Between ESPN Classic and the book I'm currently reading, I still have football on the brain, and specifically old football. One of the highlight films I watched this week was the 1981 Jets. For whatever reason, they had a few more players that I remembered than some of their contemporaries--Richard Todd, Freeman McNeil, Wesley Walker, Joe Klecko and Mark Gastineau--and so I particularly enjoyed this one.

Something in the narration gave me pause, though. They said that 1981 was the Jets' first winning season since 1969. That sounded so weird that I had to look it up, and it turns out it was accurate. This information, plus a little more digging, only confirmed something that I'd suspected for a long-time: I know who the most overrated player in football history and the least-deserving Pro Football Hall of Famer is, and he wants to kiss you.
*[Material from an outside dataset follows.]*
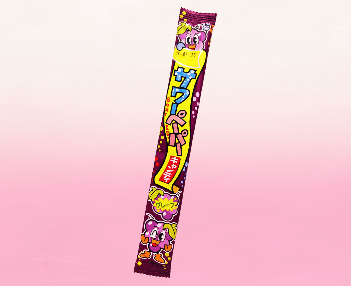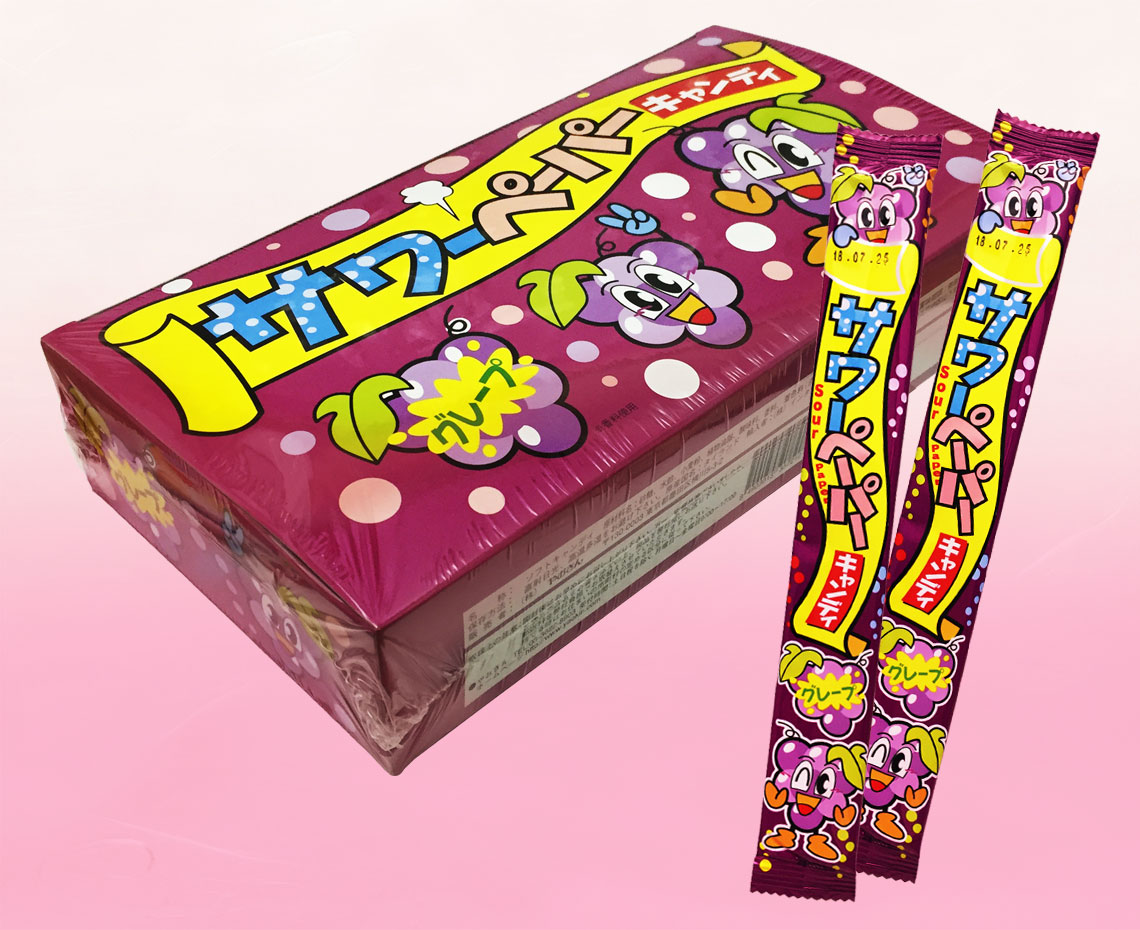 這是一種將酸味糖果拉得很薄而製成的零食, 但它的口感像橡皮糖一樣,很受孩子們的歡迎 ,這是一種長條型的葡萄口味零食

One look at Joe Wille Namath's stats tells most of this story. Several things stand out. The Super Bowl III year, 1968 ('69 playoffs) was Namath's fourth season and his third over 3,000 yards, something he would never do again, even though he played every game in three more seasons and all but one in a fourth. Most strking to me, though, is this: in his rookie year, Namath threw 18 TDs and 15 interceptions. In his 12 other NFL/AFL seasons, only once would Namath ever throw more (or even as many) touchdowns as interceptions (1969, 19/17). For his career, Namath threw 47 more interceptions than touchdowns. That's downright bad. Here's a sense of how bad it is: 10 other quarterbacks who played in at least one of the same seasons in which Namath played are in the Hall of Fame. Of those 10, nine of them--Starr, Staubach, Tarkenton, Unitas, Jurgensen, Griese, Fouts, Dawson, and Bradshaw--threw more touchdowns than interceptions in their career. The 10th, George Blanda, is in the Hall as much for kicking and freakish longevity as for quarterbacking, but even he had a better ratio (236 TDs, 277 INTs).

Clearly, the injury bug was a major factor in Namath not having a better career; after 1969, he only played in 9 games the following two seasons, and then after one healthy season, only 6 the next. From 1974-76 he played all but three games, but was no doubt a lesser player due to repeated knee injuries.
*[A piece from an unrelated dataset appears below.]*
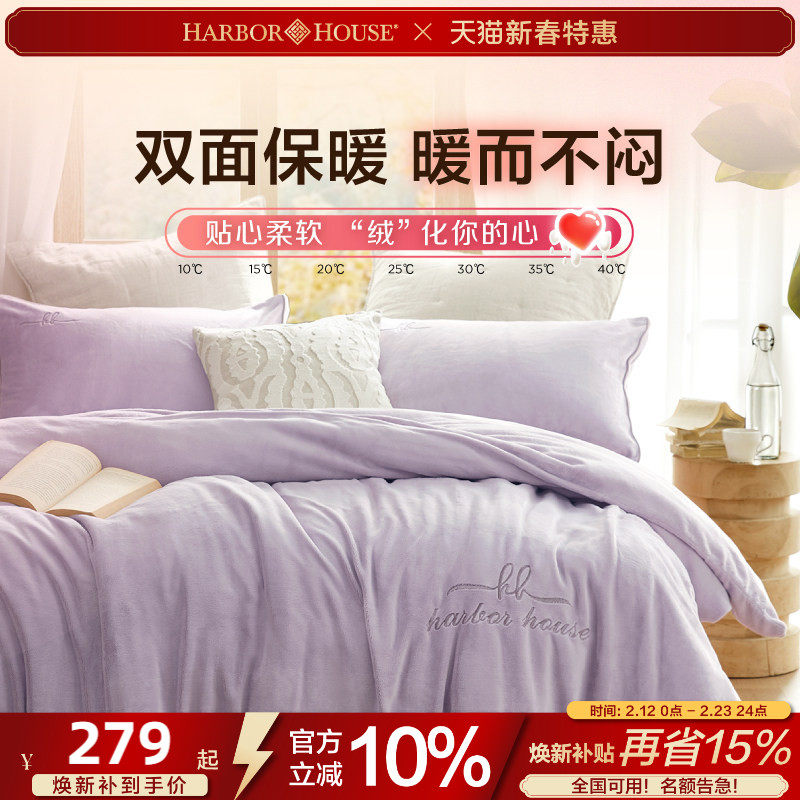 📚 Harbor House牛奶绒四件套珊瑚绒床笠法兰绒被套加绒加厚家居床品

The bottom line is that Namath's in the Hall for one game, Super Bowl III, in which he threw zero touchdown passes and for 206 yards. He's also in the Hall for charisma and for what might have been had he stayed healthy. All three of these are really bad reasons to be in the Hall of Fame. Luckily, football hasn't enshrined stinkers while keeping out much better candidates in the way baseball often has. Here, though, the gatekeepers were caught napping.